Current semantic processing theories integrate representational richness and semantic control as two distinct yet interacting processes23,24. Insights from electroencephalography (EEG) and functional magnetic resonance imaging (fMRI) suggested that representational richness and semantic control rely on distinct neural resources, involving the anterior temporal and the inferior frontal cortex, respectively25,26,27. In order to investigate behavioral correlates of semantic control and representational richness, Lambon Ralph et al. developed a synonym judgment task (SJT) and applied it in a series of studies with brain damaged patients. In the SJT, subjects choose a synonym to a concrete or abstract probe word from three test words, which requires deep semantic processing. Higher error rates for processing concrete vs. abstract words in semantic dementia patients (vs. healthy controls) indicated a causal involvement of anterior temporal regions in the processing advantage driven by representational richness28,29,30. Moreover, higher error rates for processing abstract vs. concrete words in aphasic patients with multimodal impairments of semantic comprehension after stroke-induced lesions in inferior frontal regions (including the ventrolateral prefrontal cortex) provided evidence for the causal involvement of such regions in semantic control demanded by abstract words31,32. While analyses focused on accuracy/error rates in patients, reaction times in the SJT turned out to be more sensitive to investigate semantic processing performance in healthy subjects26,33,34.

Only one study in this line of research investigated the interaction of representational substrates and semantic control by embedding the SJT in an elegant cueing paradigm26. In this paradigm, contextual and irrelevant cues, which consisted of two short sentences, preceded the concrete and abstract probe words. Contextual cues, which ended with the respective probe word, were thought to reduce demands on semantic control mechanisms (a previous study used a preliminary version of this paradigm31). By combining this paradigm with fMRI, Hoffman et al.26 confirmed that in the healthy brain, representational richness and semantic control mechanisms indeed recruit the previously identified distinct temporal and frontal brain areas, respectively. They further showed that the two mechanisms interact in their effect on behavioral correlates of semantic processing: Reaction times and error rates revealed not only a processing advantage for concrete over abstract words (i.e., the well-known CE) and after contextual over irrelevant cues (i.e., a contextual semantic facilitation effect), but crucially, that abstract word processing profited more strongly from contextual cues than concrete word processing.

The present study includes two experiments in order to replicate and further validate the finding of an interaction of concreteness and contextual relevance on reaction times in healthy adults by applying the SJT cueing paradigm26, which seems to be a powerful tool to investigate semantic processing comprehensively.
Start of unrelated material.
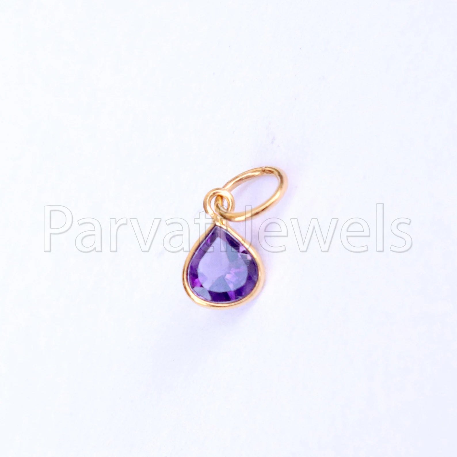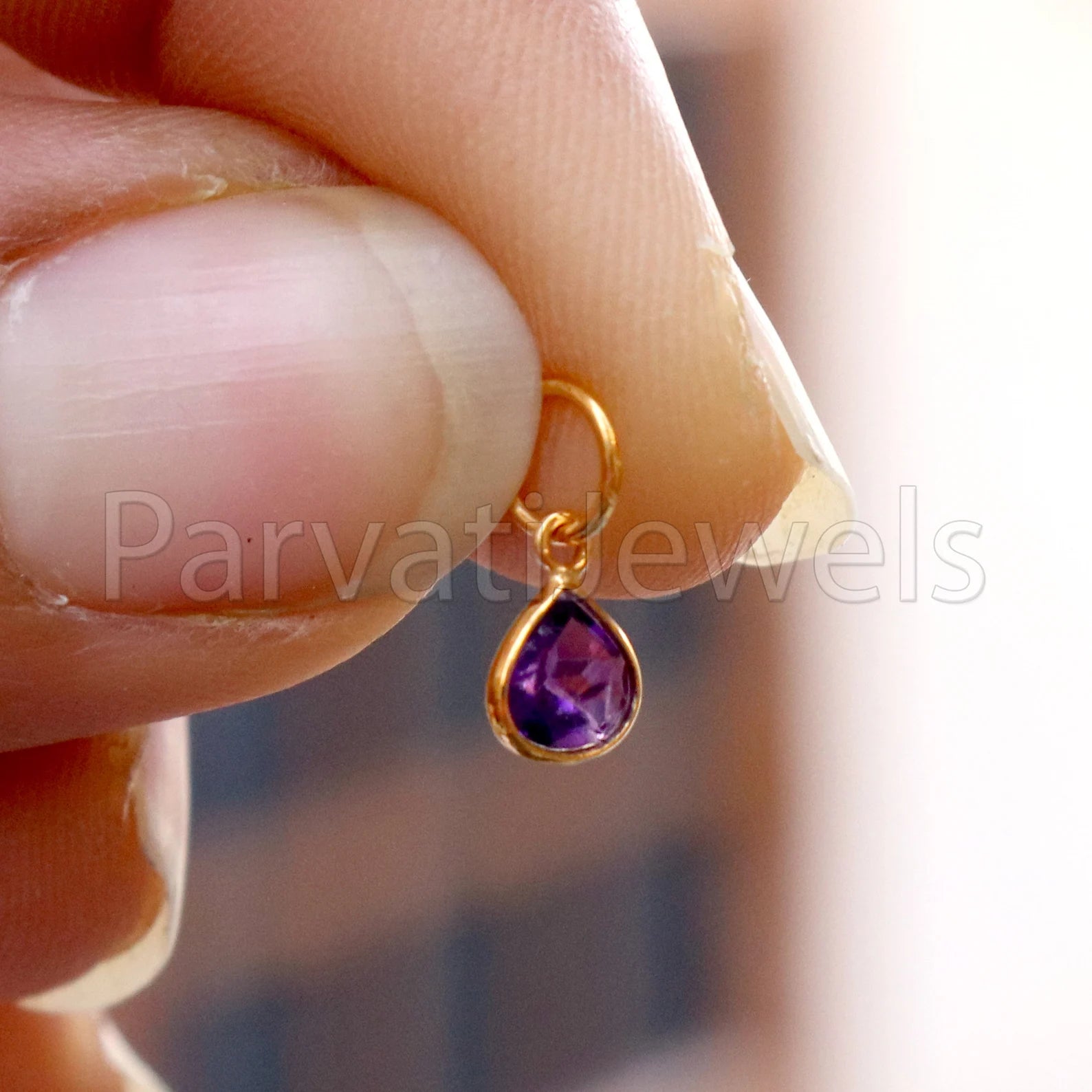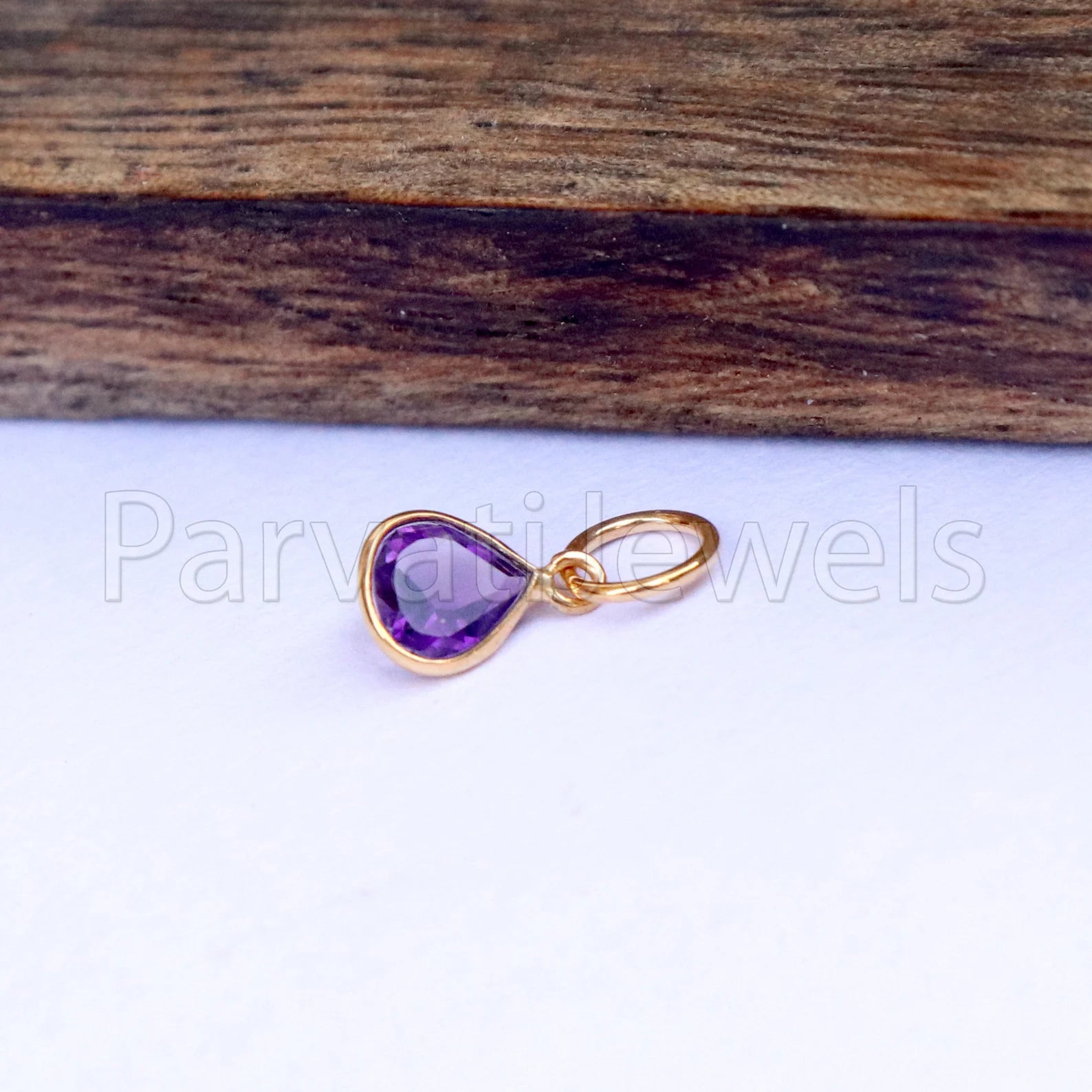 Amethyst Charm, 18k Solid Gold Charm, Natural Amethyst Charm, Gold Charm, Charm Pendant, Charm Necklace, Handmade Gold Charm, Gfit for Her

In Experiment 1, we translated the original stimulus pool from English to German for a direct cross-language replication. We collected ratings on the translated stimuli for important psycholinguistic variables (i.e., imageability, context availability, arousal, valence). In Experiment 2, we aimed to further validate the SJT cueing paradigm by ruling out a potential alternative explanation to the original findings. Specifically, the repetition of the probe word at the end of the contextual cue in the original paradigm26 could not exclude the alternative explanation of the findings in terms of a mere lexical repetition rather than semantic facilitation effect. Lexical repetition vs. semantic facilitation effects result from different cognitive mechanisms35,36,37 and rely on distinct neural processes38. We thus reformulated the contextual cues in order to avoid the probe word repetition, thereby avoiding lexical repetition-priming (Experiment 2). In both Experiments, we expected to replicate the behavioral findings of Hoffman et al.26, i.e., a facilitation of word processing driven by word concreteness (main effect of concreteness) and contextual cues (main effect of cue), as well as a relatively stronger contextual facilitation for abstract words (concreteness by cue interaction effect).

Experiment 1

Method

Participants

Sixty-one healthy subjects voluntarily participated in Experiment 1. Based on the data obtained in the SJT, we excluded four participants whose percentage accuracy was more than 2.5 SD below the sample’s mean in at least one experimental condition and two participants whose mean reaction times were more than 2.5 SD above the sample’s mean in at least one experimental condition. The final sample consisted of 55 (38 females) German native speakers, between 18 and 33 years of age (M = 21.6 years, SD = 3.3 years). All reported to be right handed, which was confirmed by the Edinburgh Handedness Inventory39 ([EHI]; three participants scored between 0.37 and 0.47, which is considered bimanual, all others scored between 0.5 and 1, M = 0.80, SD = 0.19). All participants gave their written, informed consent and the study was approved by the ethics committee of the Faculty of Mathematics and Natural Sciences at Heinrich Heine University Düsseldorf and in line with the standards defined by the declaration of Helsinki.

Stimuli and material

Two independent translators translated the original stimuli by Hoffman et al.26 from English to German and an additional editor finalized the German stimuli. The primary goal was to keep the meaning as close as possible to the original stimuli. The stimuli consisted of 100 concrete and 100 abstract probe words, which could be nouns, verbs or adjectives. Additionally, there were three test words for each probe word: one semantically related target word and two unrelated foils. Finally, for each probe word there was a contextual and an irrelevant cue, which consisted of two short sentences. The contextual cue created a meaningful context for the probe and its second sentence ended with the probe word (see Table 1 for example stimuli). To create the irrelevant cue, we applied the same procedure as Hoffman et al.26: First, the 200 stimuli were divided into two sets, containing 50 concrete and 50 abstract probes each. Then, the contextual cues were randomly reassigned to the other probes within the same set. Half of the participants saw the first set with contextual and the second set with irrelevant cues, and vice versa. All words and sentences were presented in white letters on black background, in the font Arial, size 30 pt.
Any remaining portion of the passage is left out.